There is a game in a casino with the following rules. A machine generates a random number \(X\) from a normal distribution with mean \(100\) and standard deviation \(10\). If \(X\) is at least \(100\) then the player receives the amount \(X − 100\) dollars. If \(X\) is below \(100\) then the player pays \(100 − X\) dollars. Let \(Y\) be the amount the player is going to win, with the understanding that \(Y\) is negative if the player has to pay. For example, if \(X = 109\) then \(Y =9\),and if \(X=95\) then \(Y =−5\).

1. What is the expected value of \(Y\)? (10 pts.)
   Since \(Y = X − 100\) and \(X\) has expected value \(100\), thus \(Y\) has expected value \(0\)

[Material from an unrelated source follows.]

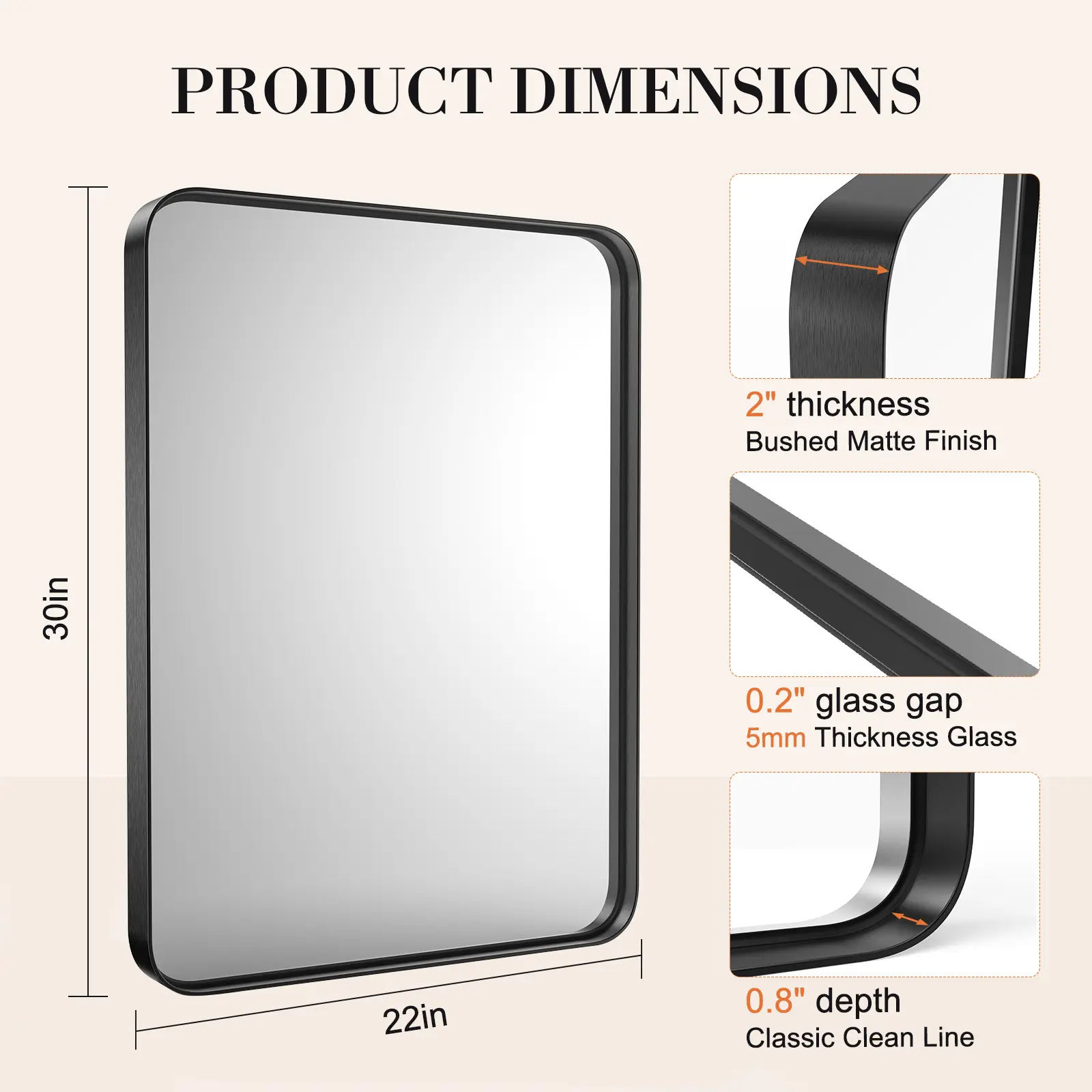 ·【Shatterproof Tempered Glass】Unlike other fragile mirrors, all black framed mirrors are made of 4 mm tempered glass, which is 5 times stronger than ordinary mirrors. Will not splinter into pieces even when shattered by super force. Safe and easy to clean.

2. What is the standard deviation of \(Y\)?
   The deviation of \(Y\) from \(0\) is exactly the same as the deviation of \(X\) from \(100\), so the standard deviation of \(Y\) is also \(10\).

3. A player plans to play this game 20 times. What is the probability that at least 5 times out of the 20 games she will win more than 13 dollars? (10 pts.)
   
   There are two things to consider in this situation:

1. Probability of winning more than $13
2. Probability of at least 5 times out of the 20 tries
   
   To win 13 dollars, \(Y=13\). For \(Y=13\), \(13=X-100 \therefore X=113\)
   \[ \begin{align} P(X>113)&=1-P(X<113)\\ &=1-\text{pnorm}(113,100, 10)\\ &=0.09680048 \end{align} \]

1-pnorm(113,mean=100,sd=10)

## [1] 0.09680048

At each game the probability of winning more than 13 dollars is 0.097.
Winning at whatever number of times where each trial is either win or lose is a binomial distribution. The pbinom() takes one less the desired wins, the total number of trials, and the probability of the win, which is in this case is winning more than $13.

\[ \begin{align} P(W\geq X)&=1-\text{pbinom}((X-1),n,\text{prob})\\ P(W\geq5)&=1-\text{pbinom}((5-1),\text{size}=20,\text{prob}=.097)\\ &=0.03855293 \end{align} \]

1-pbinom(4,20,.097)

## [1] 0.03855293

Hence the probability that the player wins more than 13 dollars at least 5 times is 0.04.